Thematic investing is powerful because your are following a theme which is being supported by many others. This theme is usually one which is seen as disruptive. When this theme comes good, it will change the economic landscape. Investors flock to these schemes due to the high growth prospects they can deliver. Like all investments, there are pitfalls to avoid though!
Understand thematic investing
Opportunities it presents
Risks you should be aware of
Thematic investing requires identifying a theme and then backing it. You can achieve this by buying individual stocks or even funds which target specific sectors. Currently technology stocks are seen as a strong theme to back. This theme is based around the growing use of technology, but is expected to develop into a secondary theme, where we come to rely on technology to work, and even socialise from home.
Zoom Video Communications Inc whose shares are up nearly 50% since mid March, is an example of how thematic investing can be very powerful. Other ways to invest, are through a fund or ETF, which focuses on a thematic sector such as technology. Finally there are investment trusts such as Scottish Mortgage, which focus on disruptive companies across sectors.
This is the tricky part! Any investor buying into the online-shopping-is-replacing-the-high-street-theme, could of been forgiven for losing belief with AO world. Thematic investors would have identified its business model of selling white goods online as one for the future. Frustratingly the shares have range traded and worst, drop substantially over the last couple of years.

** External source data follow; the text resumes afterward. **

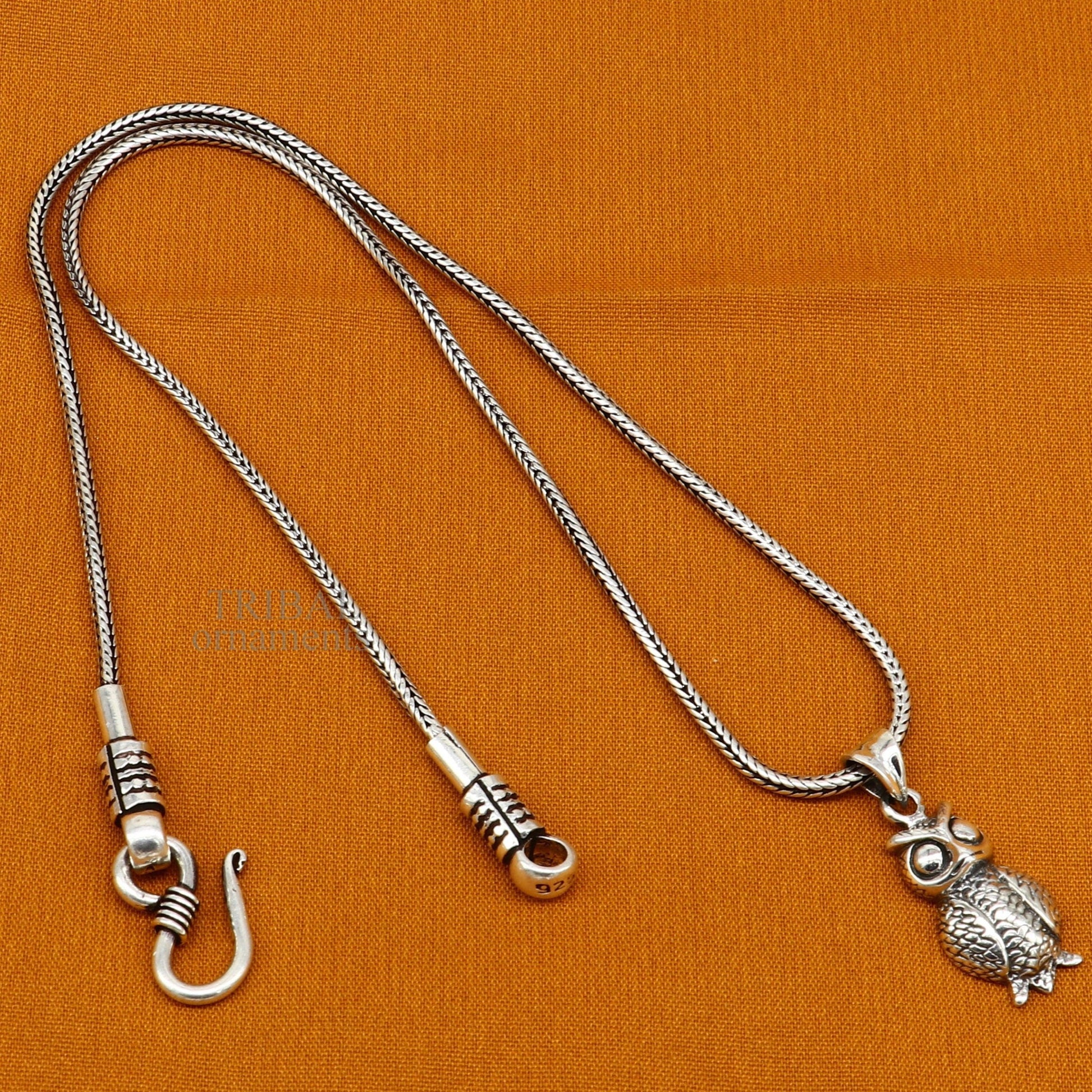 925 sterling silver handmade amazing small owl design pendant, amazing stylish unisex good luck pendant tribal jewelry ssp1589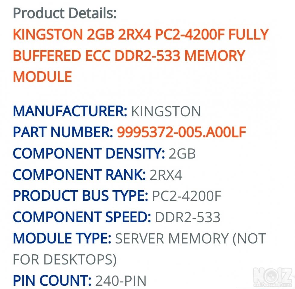 2 μνήμες Kingston 2Rx4 PC2-4200, 2gb έκαστη, ECC Buffered. DDR2- 533mhz. Οι μνήμες ειναι για server και οχι για απλό desktop. 40 ευρώ η μία.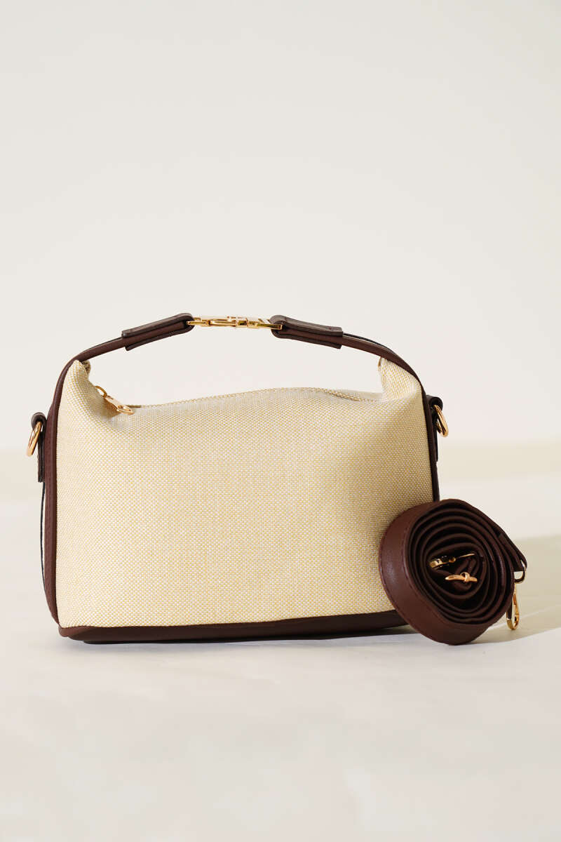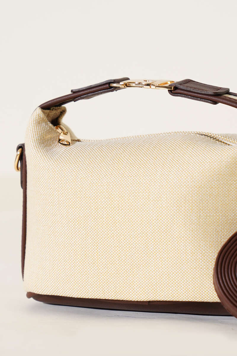Kilit Saplı Kanvas Çanta Acı Kahve

Yet if you had bought AO World in mid March, you would be +60% as investors backed its business model in light of the Coronavirus lock down and social distancing demands.
Right theme… wrong time.
Technology has been a huge out performer for the last 10 years, but was once a fad. The dot.com bubble of the late 1990’s is an example. Many investors lost money due to the theme not being backed by solid financials, in particular cash flow. Fast forward to 2020 and big tech companies are sitting on large cash reserves from ever increasing sales. Sometimes a theme can be correct, but the money making (cash generation) does not necessarily follow through until later.

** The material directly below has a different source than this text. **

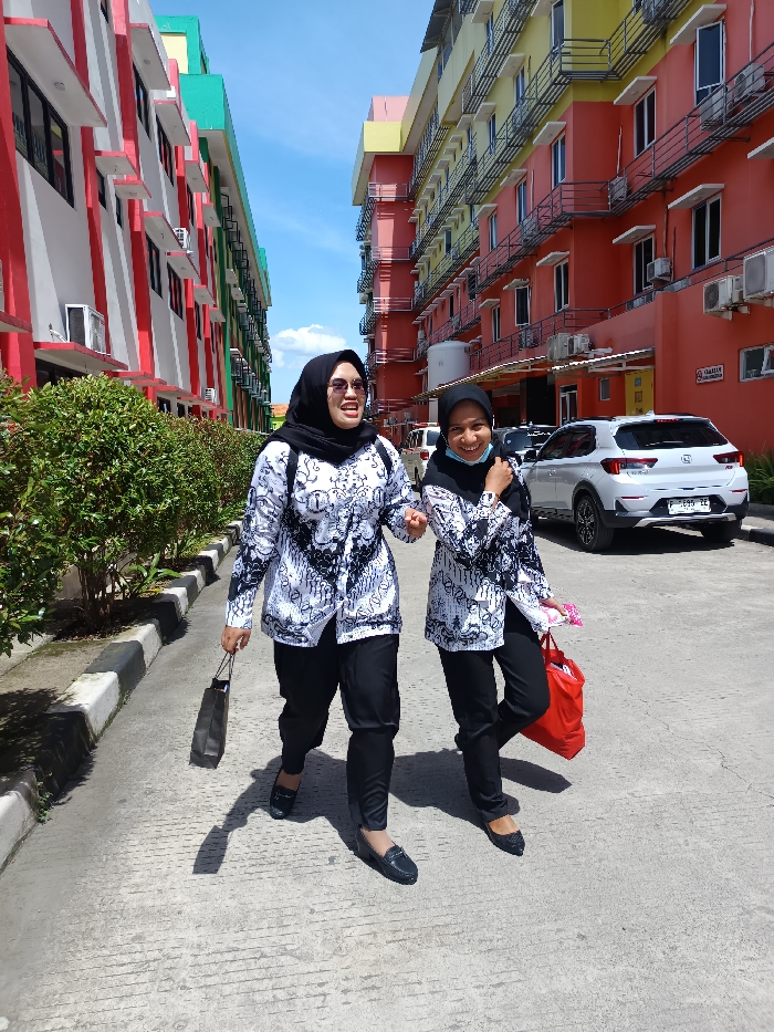 Two women walk side-by-side on a sunny day. Both wear patterned black and white blouses, black pants, and black shoes. The woman on the left carries a black bag, while the woman on the right carries a red tote bag. They stroll along a paved road lined with colorful buildings in red, green, white, and yellow. A white SUV is parked nearby. The sky is blue with sparse clouds. One of the women wears sunglasses and a hijab. The other woman wears a face mask.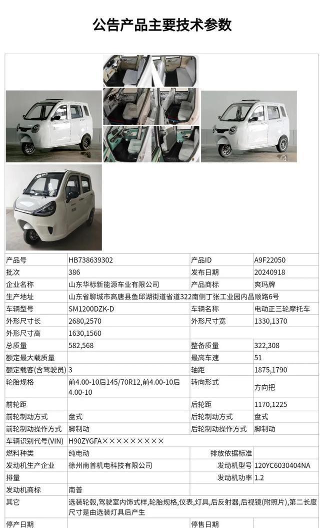 就拿那个产品商标叫做爽玛,车辆型号是SM1200DZK-D的电动三轮摩托车来说吧。

Future themes can be divided in the ones we already know are going to become reality, such as an increase in working from home, and ones we don’t know about. Working from home means firms who provide software and technological solutions will do well.

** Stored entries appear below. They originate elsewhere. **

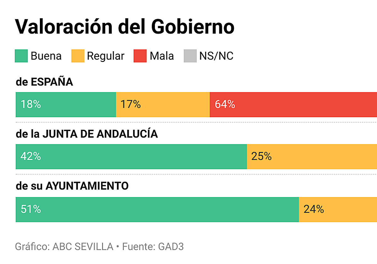 Iniciar sesiónRemarcando una tendencia que viene ya sostenida en el tiempo desde hace varios años, la gestión de la Junta de Andalucía es mejor valorada que la del Gobierno central por los encuestados. El trabajo de campo realizado por GAD3 para ABC indica el ... 42% de los andaluces valora como buena la gestión de la Administración andaluza, muy por encima del 18% que aprueba al Gobierno de España. Ni dos de cada diez ciudadanos muestra su apoyo al Ejecutivo central. Hasta un 64% de los encuestados, de hecho, indica que la gestión del Gobierno del socialista Pedro Sánchez es 'mala', mientras otro 17% se queda en el 'regular' como calificación.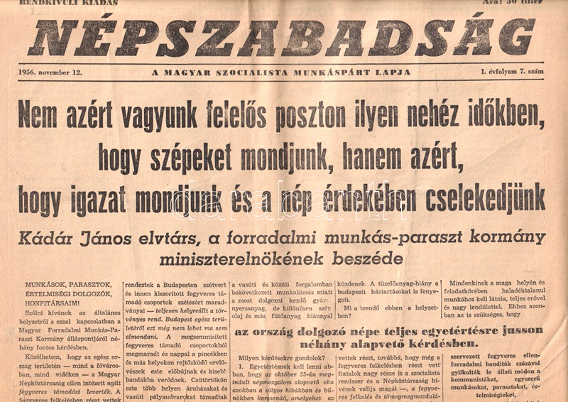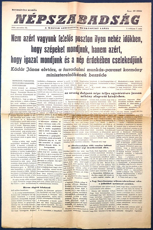 [Folyóirat, 1956.] "Nem azért vagyunk felelős poszton, hogy szépeket mondjunk, hanem azért, hogy a nép érdekében cselekedjünk. Kádár János, a forradalmi munkás-paraszt kormány miniszterelnökének beszéde". A Népszabadság rendkívüli kiadása. I. évfolyam, 7. szám. (1956. november 12.)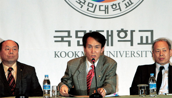 지난해 4월20일 서울 정릉동 국민대 본부관에서 이채성 국민대 연구윤리위원장(가운데)이 문대성 의원의 논문 표절 의혹과 관련한 예비조사 결과를 발표하고 있다. 이날 국민대는 “논문 표절 가능성이 높다”고 했으며, 그로부터 8개월 뒤인 지난해 12월19일에는 “논문 표절이 맞다”는 본조사 결과를 공개했다. 한겨레 신소영 기자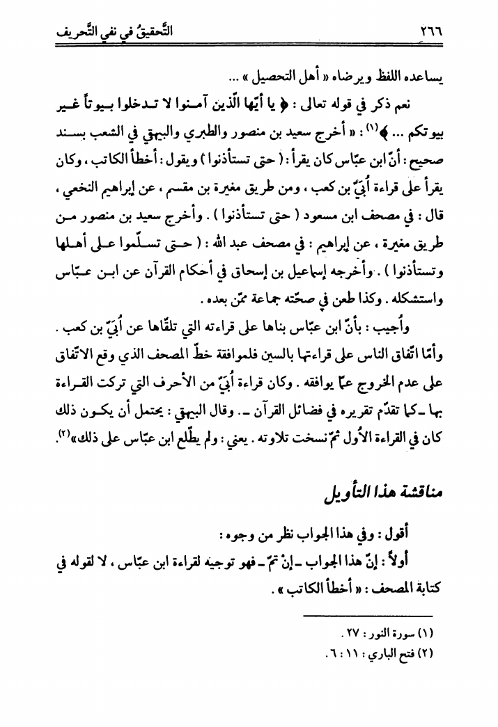 التحقيق في نفي التحريف، عن القرآن الشريف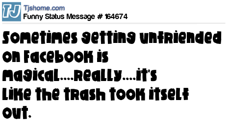- # 209411 Sometimes getting unfriended on Facebook is magical. It's like the trash took itself out.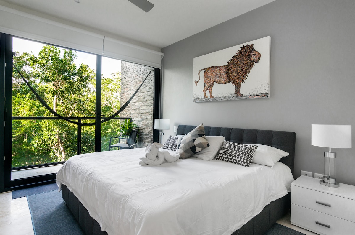 PRIVATE ROOFTOP w JACUZZI Welcome to Tulum's only upscale development with natural cenote, world class amenities, and strategic location right between Tulum Beach and Centre, walk to Tulum's only supermarket. ● Private Cenote ● Rooftop Pool ● Private Rooftop w Private Jacuzzi ● 6+ Lagoon Pools ● Panoramic views ● Big Gym ● 5+ Hot Tubs ● Jungle Circle for Walks ● Very Fast Wi-Fi ● Coworking Office ● Bathroom Essentials Provided ● Towels Provided ● Free Garage Parking ● 24/7 Security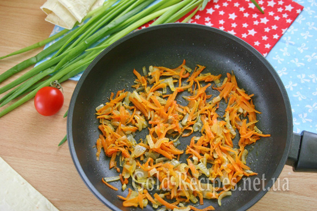 Підготуємо начинку для рулету. Цибулю нарізаємо півкільцями, моркву тремо на крупну тертку.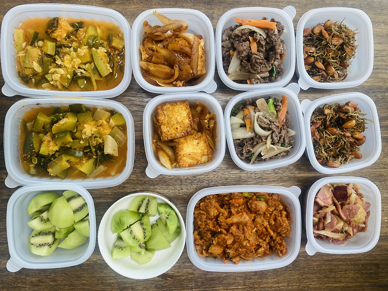 점심 저녁에는 조리를 안 하고 데워만 먹으면 됩니다. 저 정말 장합니다. 이 모든 것이 하루에 다 먹는 반찬입니다. 여섯 식구가 먹으면 하루 만에 빈 통이 됩니다. 저도 반찬 해놓고 일주일 먹으면 좋겠습니다.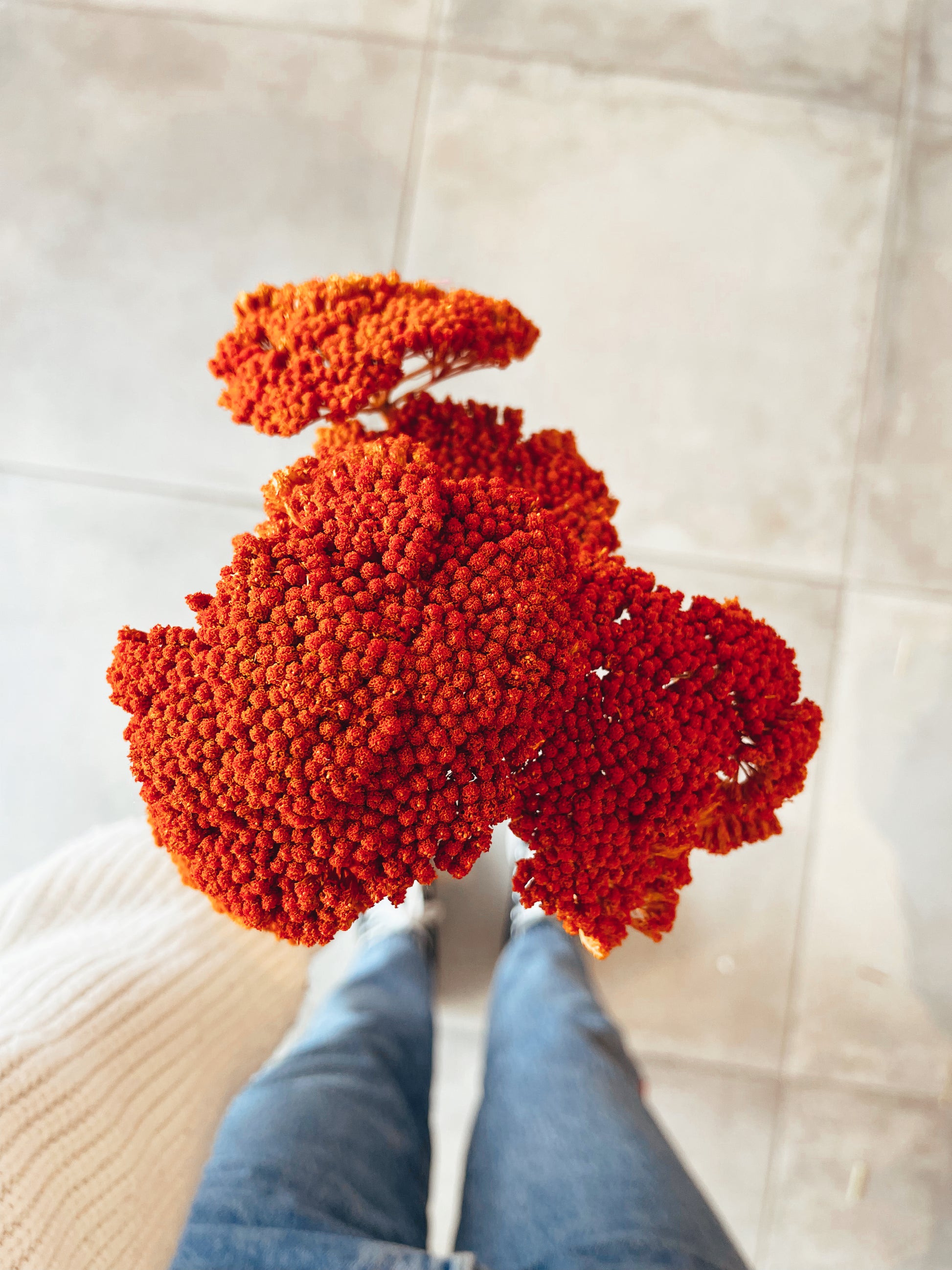 Droogboeket van natuurlijke, geconserveerde Achillea Parker in roodachtige tinten, perfect om een vleugje natuur aan elke ruimte toe te voegen. Een van de favorieten.

Renewable energy, though wind farms and solar panel manufacturers are clear favourites but still have further to go. BP is already active in this sphere, which suggests it sees a future in it – maybe at the expense of oil? If oil majors invest in renewable energy, then one can appreciate how powerful thematic investing can be.
Look out for government support. The German government is encouraging Germans to buy electric cars, which will be a boon to electric car makers at the affordable end of the market, such as Volkswagen.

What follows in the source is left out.